Four profiles of the overlapping cases in which Ion 1, Ion 2, and Ion 3 represent the monoisotopes of each ion involved in overlapping.

According to the rules of the decision tree, all of the peaks in spectra can be classified by the calculated values of V for its potential isotope peak groups. It is noted that each peak will be classified into one and only one class. Specifically, a given peak p0 is judged as noise if all of the values of V corresponding to the overall groups of potential isotope peaks are classified into Class 1. If it is classified into Class 2, then the monoisotopic mass M = M × z − (z − 1) × 1.0078 is selected to present a potential fragment ion. Furthermore, if peak p0 is classified into Class 3, then two or three monoisotopic masses will be obtained according to the overlapping cases. Finally, some masses corresponding to the peaks that have been classified into Classes 2 and 3 are selected prior to database searching.

Application

We applied our preprocessing method on four different datasets of Q-TOF mass spectra, including 54 spectra from tryptic digestion peptides (, 20 spectra of Glu-Fibrino peptide B, 9 spectra of the mixture of standard peptides measured during different time, and 7 spectra of the tryptic peptides of bovine serum albumin protein (the Research Centre for Proteome Analysis, Key Laboratory of Proteomics, Institute of Biochemistry and Cell Biology, Shanghai Institutes for Biological Sciences), which were denoted as PepLutefisk, PepGFB, PepMix, and PepBSA, repectively. For performance metrics, we gave some definitions as follows. Firstly, a peak is called a real peak if its corresponding mass matches with a known theoretical ion; otherwise, it is called an invalid peak. In this paper, the known theoretical ions include the predominant a-, b-, and y-type of ions 12., 13., immonium ions 14., 15., and other less important ions such as c-, x-, and z-type of ions 12., 13., internal fragment ions formed by a combination of a- and y-type cleavages 14., 15., and ions with lost ammonia and water (. It is noted that there are some peaks that really correspond to fragment ions but the corresponding masses cannot match with any known theoretical ions because the knowledge of collision rules in CID is not complete at present. Consequently, the invalid peaks include noise peaks and some peaks corresponding to fragment ions but its ion type is unknown to human beings. Secondly, it is called a true positive (TP) if a real peak is classified correctly; otherwise it is called a false negative (FN).

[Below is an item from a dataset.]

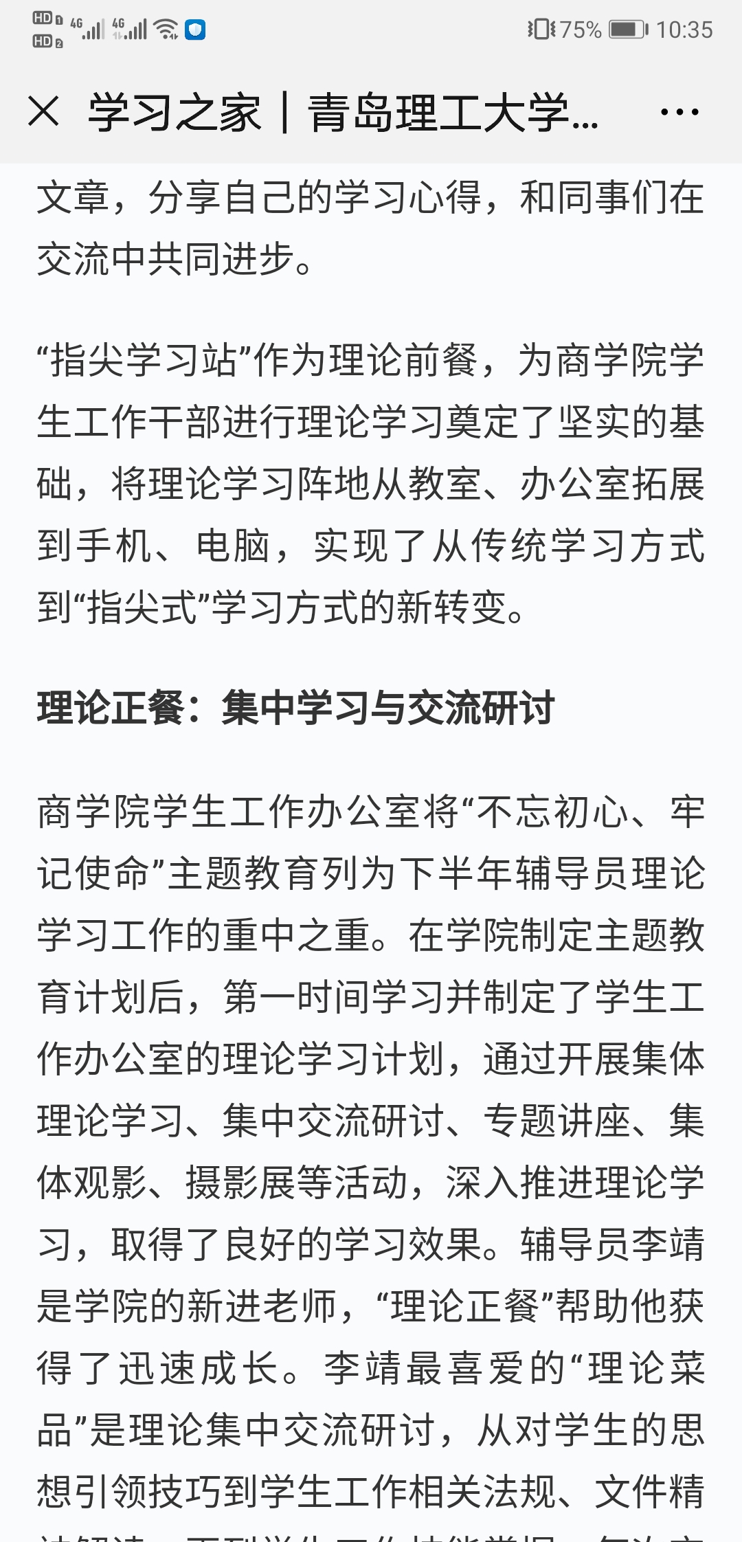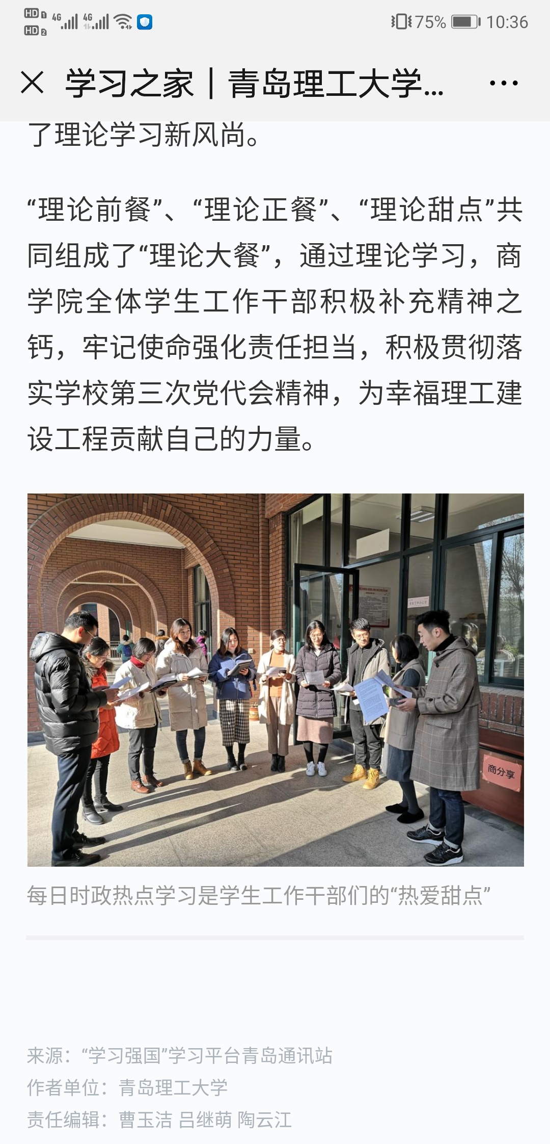 “指尖学习站”作为理论前餐,为商学院学生工作干部进行理论学习奠定了坚实的基础,将理论学习阵地从教室、办公室拓展到手机、电脑,实现了从传统学习方式到“指尖式”学习方式的新转变。

Similarly, it is called a true negative (TN) if an invalid peak is classified correctly; otherwise it is called a false positive (FP). Finally, sensitivity and specifity are used to measure the performance of classification. Here, sensitivity is defined as TP/(TP+FN) and specifity is defined as TN/(TN+FP). In our experiment, 900 cases were selected as training samples and 429,156 cases were selected as testing samples. The experimental results are summarized in Table 1. From the table, it can be observed that the ratios of peak selection in the four datasets are all lower than 5%. The low selecting ratios can improve the speed of database searching greatly since the less the number of selected peaks, the simpler the computing of the subsequent identification process.

Table 1

Classification Performance of the Preprocessing

Data	No. of spectra	No. of total peaks/No. of selected peaks	Ratio of peak selection	Sensitivity	Specifity
PepLutefisk	54	89,256/3,721	4.168%	97.94%	99.06%
PepGFB	20	180,088/2,408	1.337%	97.77%	99.66%
PepMix	9	51,836/1,799	3.471%	93.68%	97.99%
PepBSA	7	18,720/789	4.215%	94.50%	97.76%

As we know, it is the real peaks that make certain the identification of peptides. The more selected real peaks, the higher the accuracy of identification. Therefore, the sensitivity of classification is very important for the identification. The detailed results on sensitivity are depicted in Table 2, where two kinds of FN samples are given in the last column: one is the peaks corresponding to the predominant a-, b-, and y-type of ions, and the other is the peaks corresponding to other less important types of ions. From the data, it can be observed that the former FN is much less than the later FN, which means that the lost but important information in classification is few. Compared with sensitivity, the specifity of preprocessing is less important for two reasons: Firstly, the number of invalid peaks is related to the purity of testing samples and the knowledge of collision rules in CID while the knowledge of collision rules is not sufficient and needs improvement, hence the computing of specifity is not absolutely objective; Secondly, most peaks are invalid, thus a small number of classification error has little effect on the value of specifity.

Table 2

Detailed Performance on Sensitivity of the Preprocessing

Data	No. of selected peaks	No. of real peaks in spectra*	No. of TP	No. of FN a-, b-, y-type/other type
PepLutefisk	3,721	2909	2,849	11/49
PepGFB	2,408	1796	1,756	1/39
PepMix	1,799	775	726	9/40
PepBSA	789	379	358	3/18

Peaks whose corresponding masses match with the known type of theoretical ions.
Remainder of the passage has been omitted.